The value of family psychoeducation for schizophrenia has been well established, and indications for its use have recently expanded to include bipolar affective disorder. However, no study to date has adequately examined its use in depression.


To examine family psychoeducation in the maintenance treatment of depression and to investigate the influence of the family's expressed emotion (EE) on its effectiveness.

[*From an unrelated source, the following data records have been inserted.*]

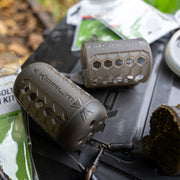Korum Combi Feeders, innovative feeder that supplied with a set of caps so they can be fished as either a block end or open ended feeder. With less holes than the mesh combi feeder for a slower more controlled bait release, and ideal for deeper water. Ideal for a wide range of live bait and groundbait options.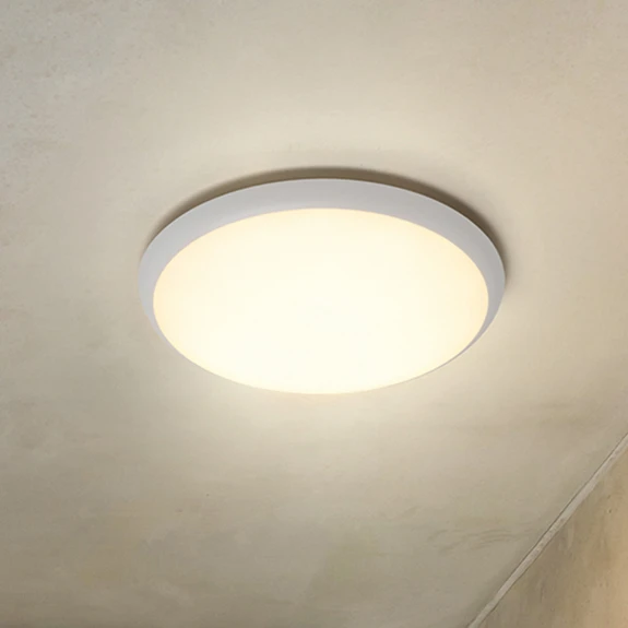 Runde, flache LED-Deckenleuchte HB 502 in Weiß zur flächigen Allgemeinbeleuchtung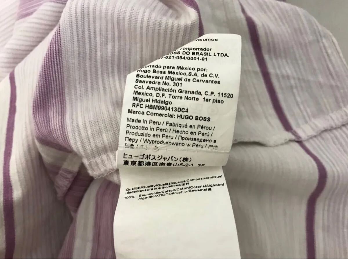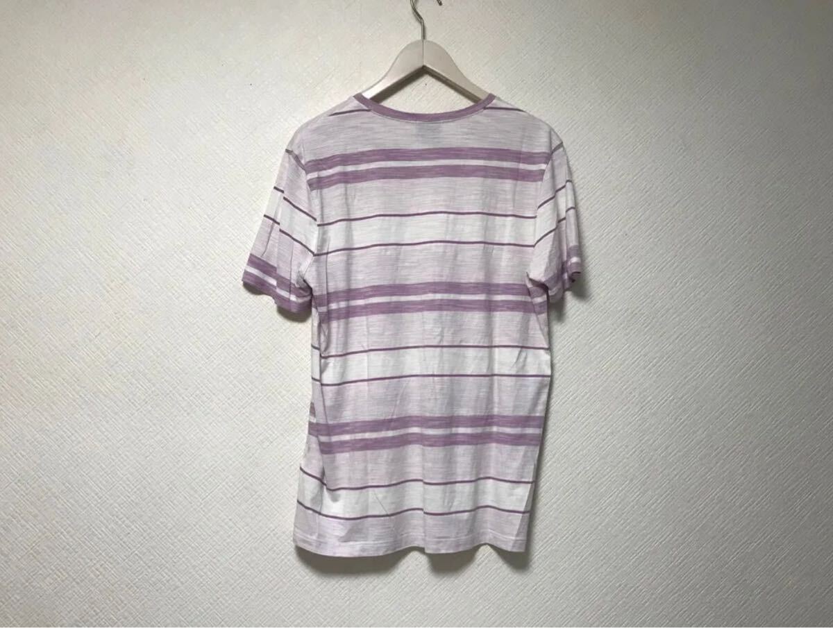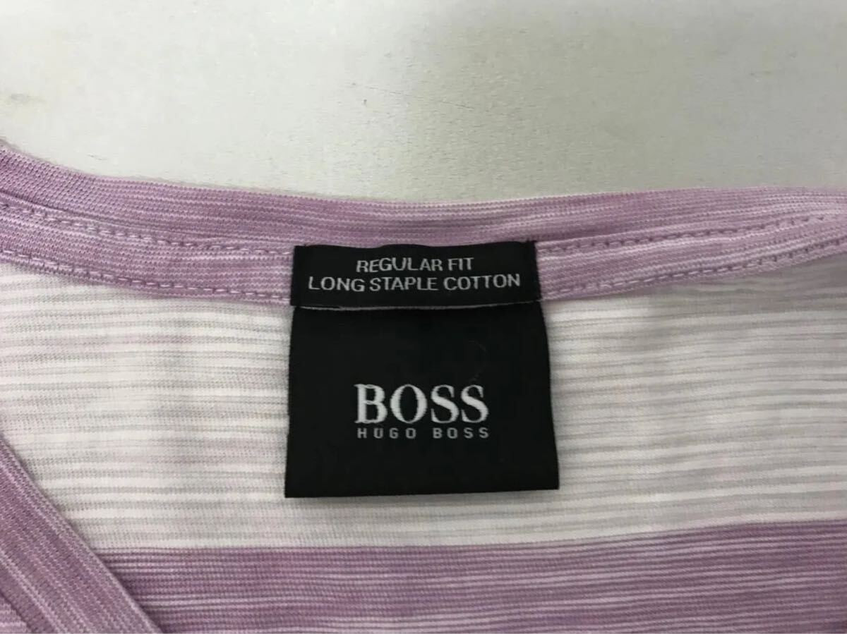 商品名:本物ヒューゴボスHUGOBOSSコットンボーダー柄Vネック半袖Tシャツメンズサーフアメカジミリタリーストリートスケーターワークビジネススーツモードゴルフ白ホワイトピンクMペルー製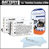 2 Pack Battery Kit For Toshiba Camileo X100 Full-HD Camcorder Includes 2 Extended (1850Mah) Replacement PX1657 Batteries + LCD Screen Protectors + MicroFiber Cleaning Cloth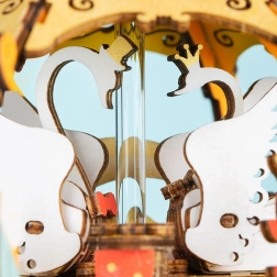 Entra in una fiaba con il dettagliato puzzle 3D del carillon RoboTime – carrozza di zucca con due cigni. Questo originale kit in legno offre dettagli mobili, un carillon a carica da 18 note con componenti giapponesi e la melodia Born Free. Ha una difficoltà media e, una volta assemblato, diventa un elemento decorativo per ogni mensola.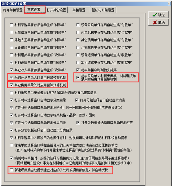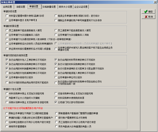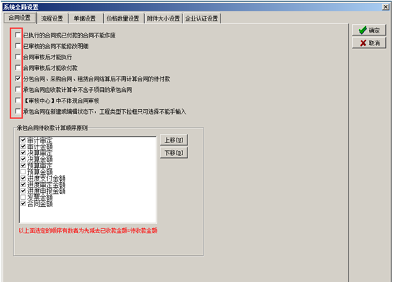 進(jìn)入系統(tǒng)的“系統(tǒng)維護(hù)”-“系統(tǒng)全局設(shè)置”彈出系統(tǒng)全局設(shè)置的對(duì)話框,點(diǎn)擊“合同設(shè)置”,在對(duì)應(yīng)的復(fù)選框打鉤代表合同受對(duì)應(yīng)開關(guān)的控制,如圖:

Of 103 patients diagnosed with major depression and their primary family members, 57 pairs provided written informed consent. The pairs were randomly allocated to the intervention (n = 25) or control (n = 32). One family in the intervention group and two in the control group withdrew their consent after randomisation. The intervention group underwent four psychoeducation sessions consisting of didactic lectures about depression and group problem-solving focusing on how to cope in high-EE situations. Patients did not attend these sessions. Patients in both the intervention and control groups received treatment as usual. The families' EE levels were evaluated through Five-Minute Speech Samples. The primary outcome was relapse.


Time to relapse was statistically significantly longer in the psychoeducation group than in the control group (Kaplan-Meier survival analysis, P = 0.002). The relapse rates up to the 9-month follow-up were 8% and 50% respectively (risk ratio 0.17, 95% CI 0.04-0.66; number needed to treat 2.4, 95% CI 1.6-4.9). In Cox proportional hazard analysis, baseline EE did not moderate the effectiveness of the intervention.


Family psychoeducation is effective in the prevention of relapse in adult patients with major depression.